Take the material below and extract the lines from the one with "Next, the Claimloader" through the one with "O Short Madá", word for word, without pictures.

Start of Record extracts

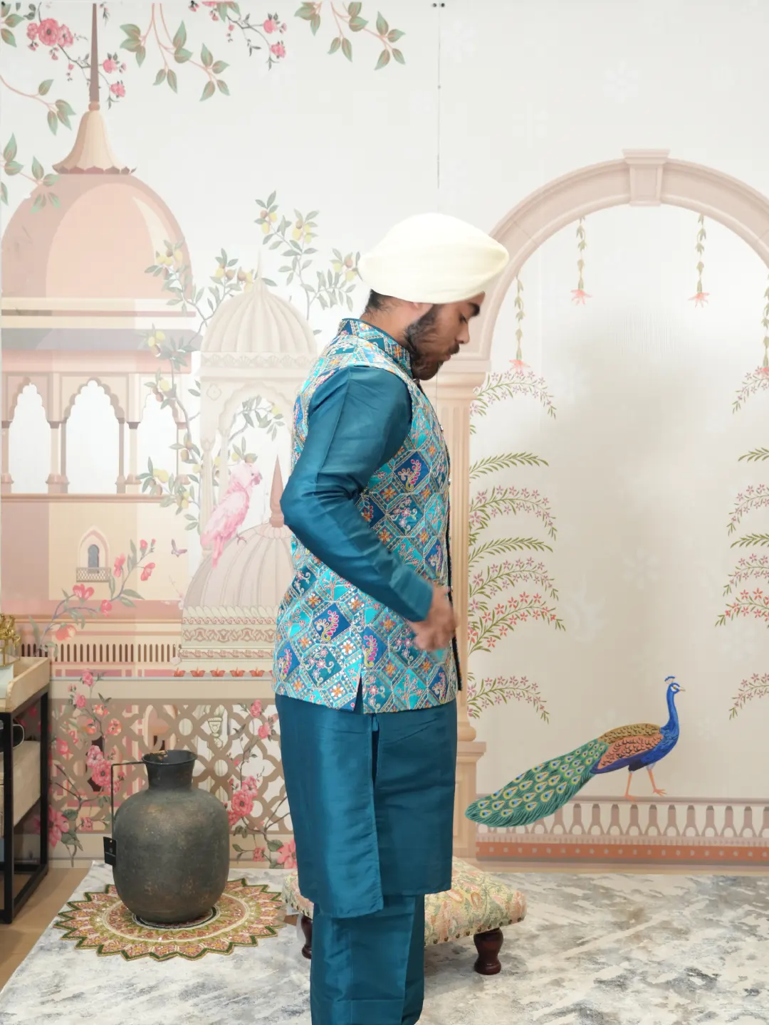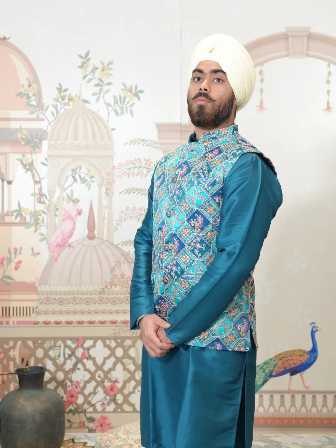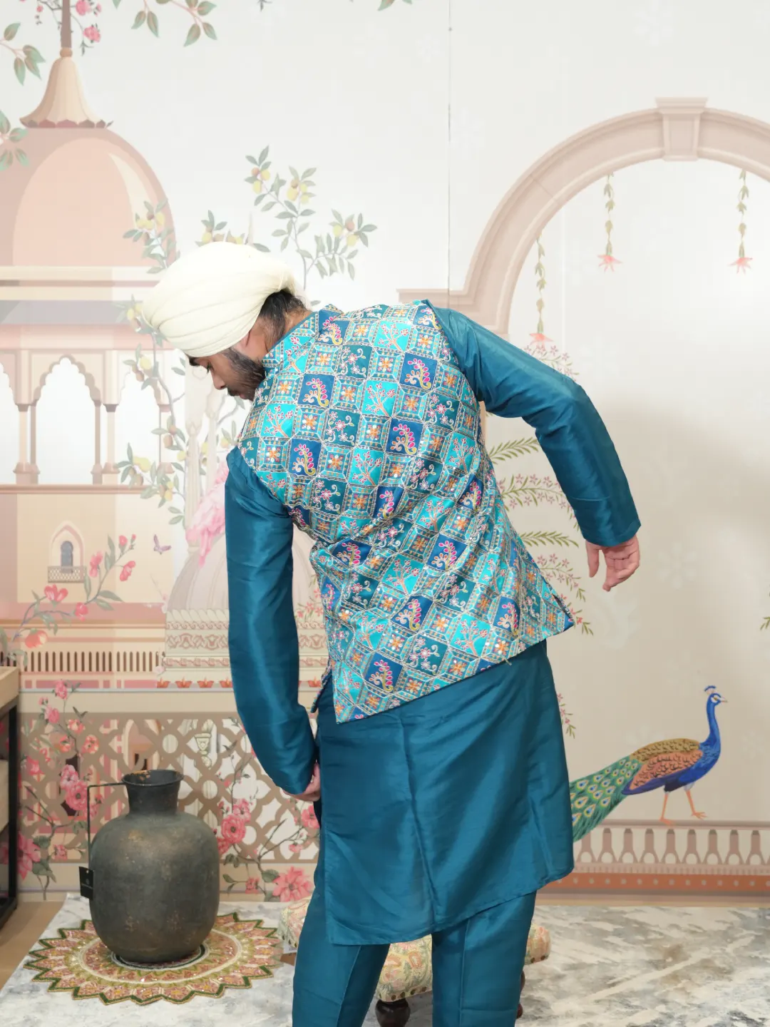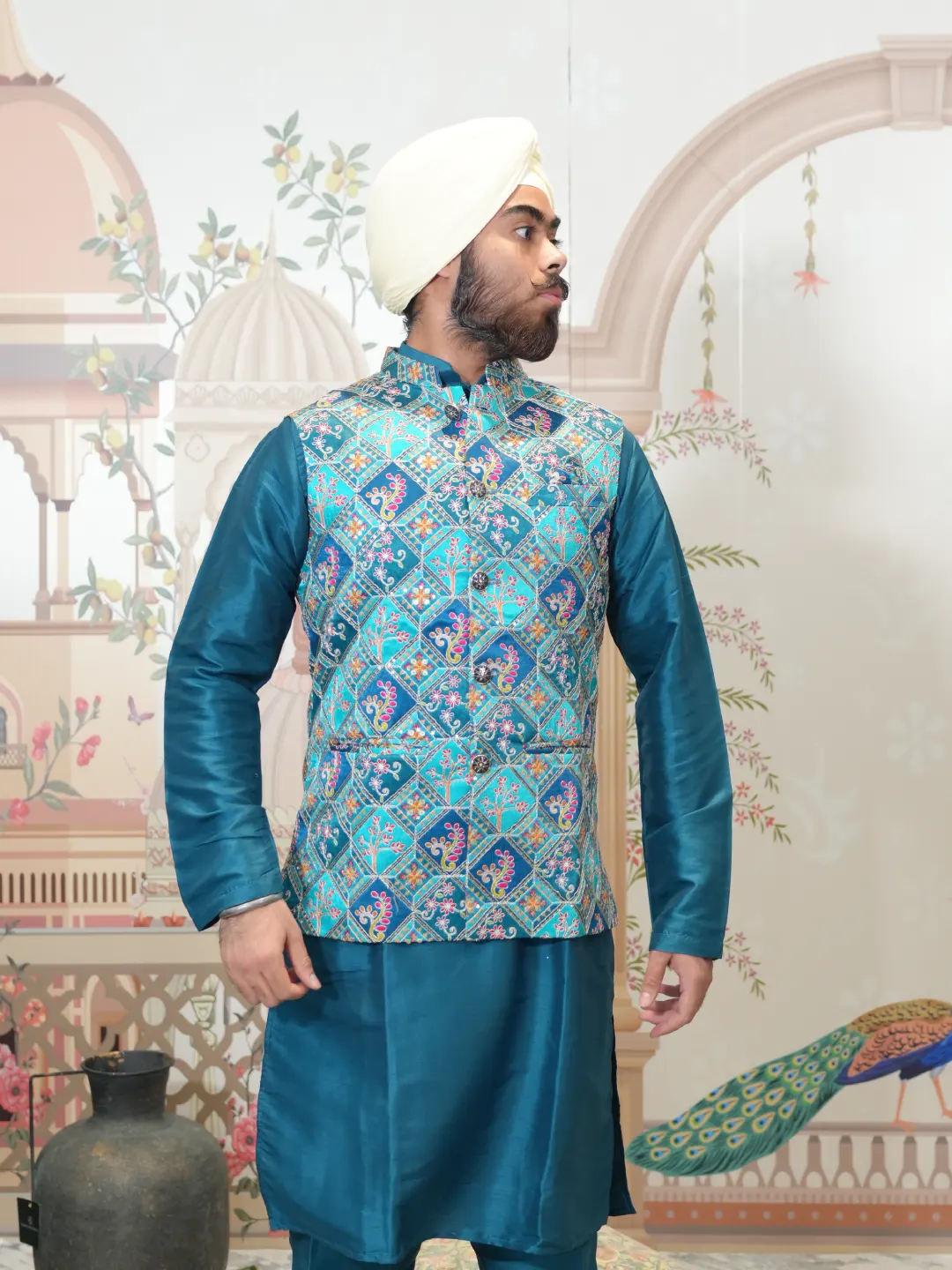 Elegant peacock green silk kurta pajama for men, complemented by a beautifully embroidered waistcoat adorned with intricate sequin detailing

End of Record extracts
Start of Record extracts

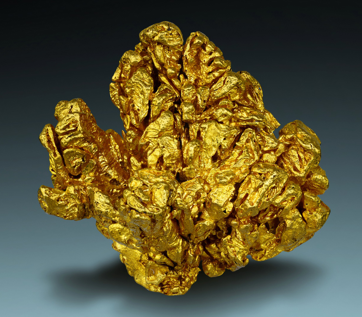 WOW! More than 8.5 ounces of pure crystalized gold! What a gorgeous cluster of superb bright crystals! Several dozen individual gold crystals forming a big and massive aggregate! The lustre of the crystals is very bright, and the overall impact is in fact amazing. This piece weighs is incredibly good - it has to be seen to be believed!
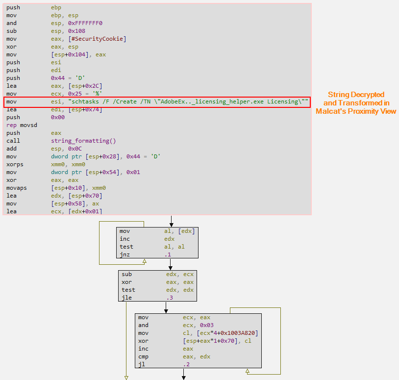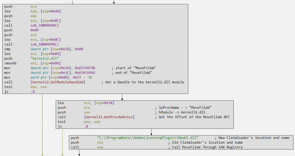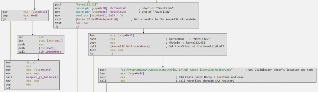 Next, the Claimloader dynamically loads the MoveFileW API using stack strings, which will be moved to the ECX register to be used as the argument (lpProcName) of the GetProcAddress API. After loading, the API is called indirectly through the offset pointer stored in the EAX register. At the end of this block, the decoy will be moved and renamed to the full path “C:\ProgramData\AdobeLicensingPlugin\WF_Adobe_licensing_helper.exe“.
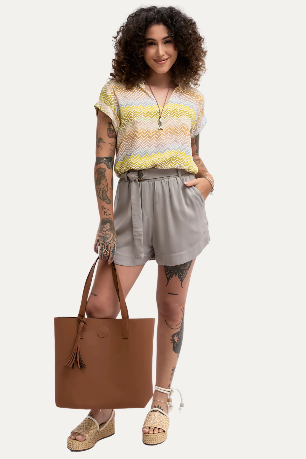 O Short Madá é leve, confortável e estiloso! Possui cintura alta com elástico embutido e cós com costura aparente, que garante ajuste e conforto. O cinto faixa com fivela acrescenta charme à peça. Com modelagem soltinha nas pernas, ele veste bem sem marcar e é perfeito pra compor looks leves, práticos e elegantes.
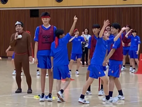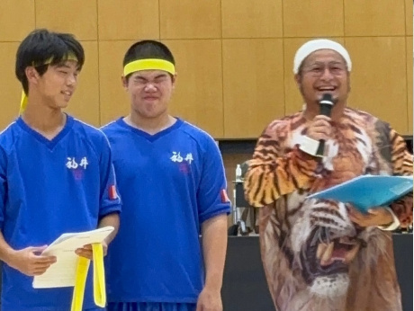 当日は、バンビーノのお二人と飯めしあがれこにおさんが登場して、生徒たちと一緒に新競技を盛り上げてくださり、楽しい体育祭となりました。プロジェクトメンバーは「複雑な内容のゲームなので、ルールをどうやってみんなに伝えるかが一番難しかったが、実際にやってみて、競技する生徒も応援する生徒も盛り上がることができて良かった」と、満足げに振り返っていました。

End of Record extracts

Result of the task:
 Next, the Claimloader dynamically loads the MoveFileW API using stack strings, which will be moved to the ECX register to be used as the argument (lpProcName) of the GetProcAddress API. After loading, the API is called indirectly through the offset pointer stored in the EAX register. At the end of this block, the decoy will be moved and renamed to the full path “C:\ProgramData\AdobeLicensingPlugin\WF_Adobe_licensing_helper.exe“.
 O Short Madá é leve, confortável e estiloso! Possui cintura alta com elástico embutido e cós com costura aparente, que garante ajuste e conforto. O cinto faixa com fivela acrescenta charme à peça. Com modelagem soltinha nas pernas, ele veste bem sem marcar e é perfeito pra compor looks leves, práticos e elegantes.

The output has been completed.